Europe’s population is getting older
The total population in the EU is projected to increase from 511 million in 2016 to 520 million in 2070. However, the working-age population (people aged between 15 and 64) will decrease significantly from 333 million in 2016 to 292 million in 2070. These projected changes in the population structure reflect assumptions on fertility rates, life expectancy and migration flows.
The old-age dependency ratio (people aged 65 and above relative to those aged 15 to 64) in the EU is projected to increase by 21.6 percentage points, from 29.6% in 2016 to 51.2% in 2070. This implies that the EU would go from having 3.3 working-age people for every person aged over 65 years to only two working-age persons.
The ageing of Europe’s population will also have significant implications for its labour force. While the total supply of labour in the EU among those aged 20 to 64 is expected to fall by 9.6% between 2016 and 2070 (9.7% in the euro area), labour force participation rates are projected to rise from 77.5% in 2016 to 80.7% in 2070. This increase is particularly apparent among women and older workers.

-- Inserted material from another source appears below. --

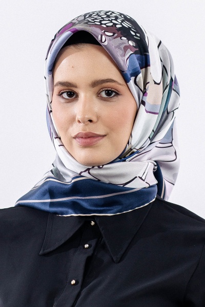12513 İpek Eşarp Tvıl Dokuma - Lacivert - 1

Read also : The ageing population : Numbers and Statistics
Population ageing to put pressure on public spending
The fiscal impact of ageing is projected to be a significant challenge in almost all Member States, with effects already becoming apparent over the course of the next two decades.

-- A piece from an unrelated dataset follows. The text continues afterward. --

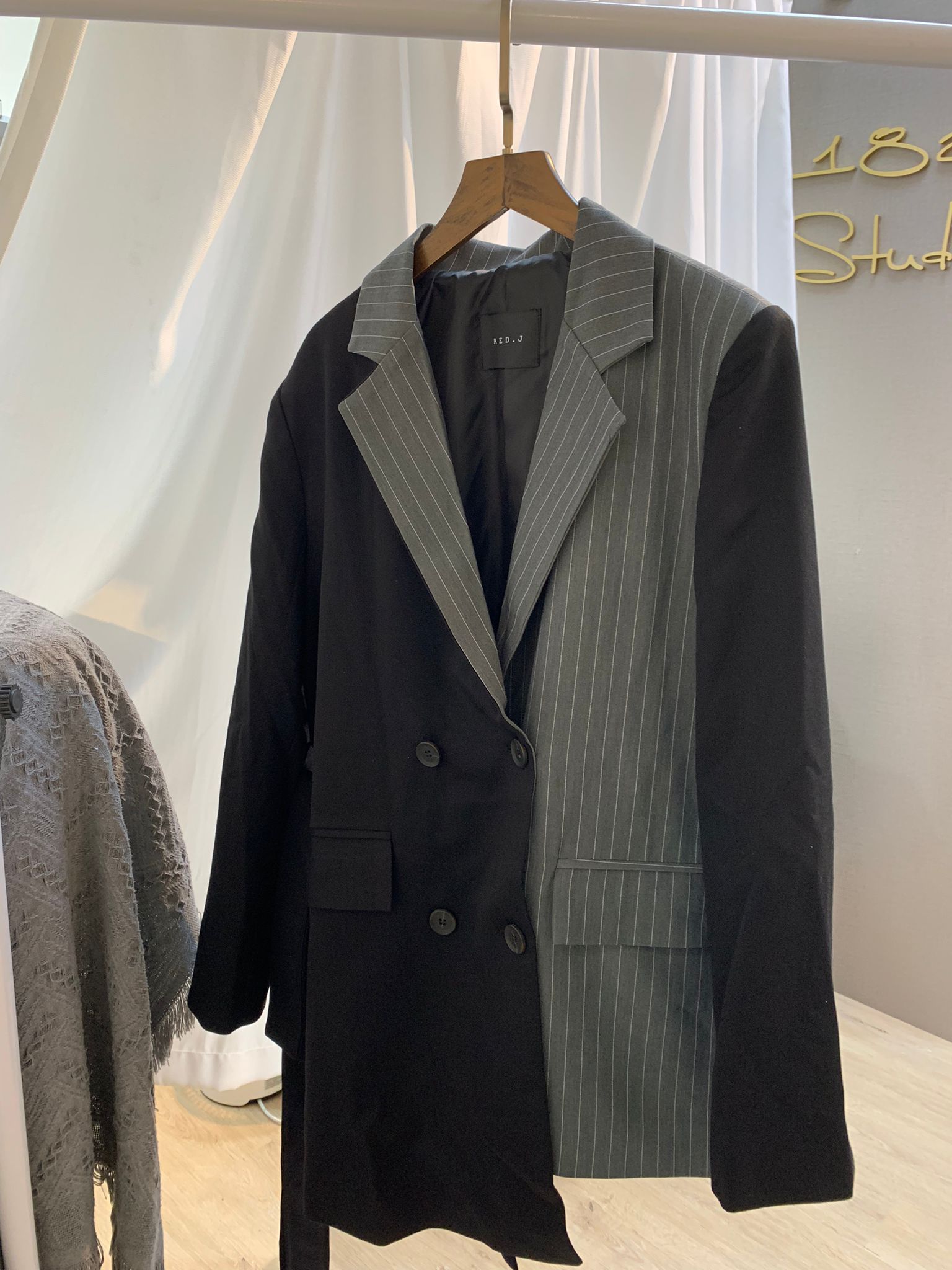 這款撞色拼接條紋西裝外套設計獨特,將經典的西裝版型與現代的設計元素巧妙結合,展現出與眾不同的時尚品味。外套的一側採用純黑色面料,簡潔大方,另一側則採用灰色條紋面料,經典耐看,兩者形成鮮明對比,視覺衝擊力強烈。雙排扣的設計更增添了幾分復古氣息,無論是敞開穿著還是系上鈕扣,都能展現不同的風格。 這款西裝外套的剪裁立體有型,能夠很好地修飾身形,凸顯女性的優雅氣質。面料質感舒適,穿著體驗極佳。無論是搭配休閒褲還是裙裝,都能輕鬆打造出時尚感十足的造型。適合追求個性、不落俗套的時尚女性。 主要特點: * 撞色拼接設計,時尚個性 * 經典條紋元素,復古耐看 * 雙排扣設計,更顯優雅 * 立體剪裁,修飾身形 * 優質面料,舒適透氣 * 百搭款式,輕鬆打造多種造型 * 適合追求個性與時尚的女性

Overall in the EU, the total cost of ageing (public spending on pensions, health care, long-term care, education and unemployment benefits), is expected to increase by 1.7 percentage points to 26.7% of GDP between 2016 and 2070.
The evolution of ageing-related costs, however, will vary widely among Member States, with costs falling in eight Member States (Greece, Croatia, France, Latvia, Estonia, Italy, Lithuania and Spain); increasing by up to 3 percentage points of GDP in ten Member States (Portugal, Denmark, Cyprus, Poland, Sweden, Romania, Bulgaria, Finland, Hungary and Slovakia); and rising by more than 3 percentage points in the remaining ten Member States (Netherlands, Austria, Ireland, Germany, United Kingdom, Belgium, Czech Republic, Slovakia, Malta and Luxembourg).

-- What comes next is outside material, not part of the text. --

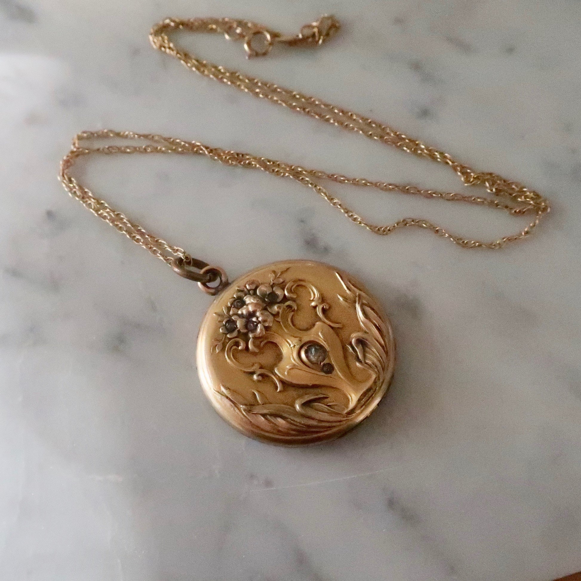 Ornate gold fill Edwardian locket from circa 1910. Featuring an unusual bouquet of old cut paste jeweled flowers with stylized leaves framing the outer edges. Very traditional with Art Nouveau elements that are so classically beautiful. Locket measures just over 1". It has one internal frame remaining. There are initials engraved on the back. Overall the locket is in good vintage condition. It comes on a vintage 18" gold fill chain.

Long-term care and health care costs are expected to contribute the most to the rise in age-related spending, increasing by 2.1 percentage points. Public spending on pensions is expected to rise up until 2040 before returning close to current levels by 2070. Education expenditure is projected to remain unchanged by 2070. Unemployment benefit expenditure is projected to decline by 0.2 percentage points.
Pension reforms have made it possible to stabilise public pension spending as a share of GDP over the long term, through increases in the retirement age and changes to the parameters of pension systems, including pension indexation. As a result, the public pension benefit ratio, which describes the average public pension in relation to the average wage, is projected to fall by 10.6 percentage points on average in the EU. In Member States with supplementary private pension schemes, the total value of pensions relative to average wages is projected to be 10.5 percentage points higher than in Member States without. Moreover, retirement ages will be higher in the future in general.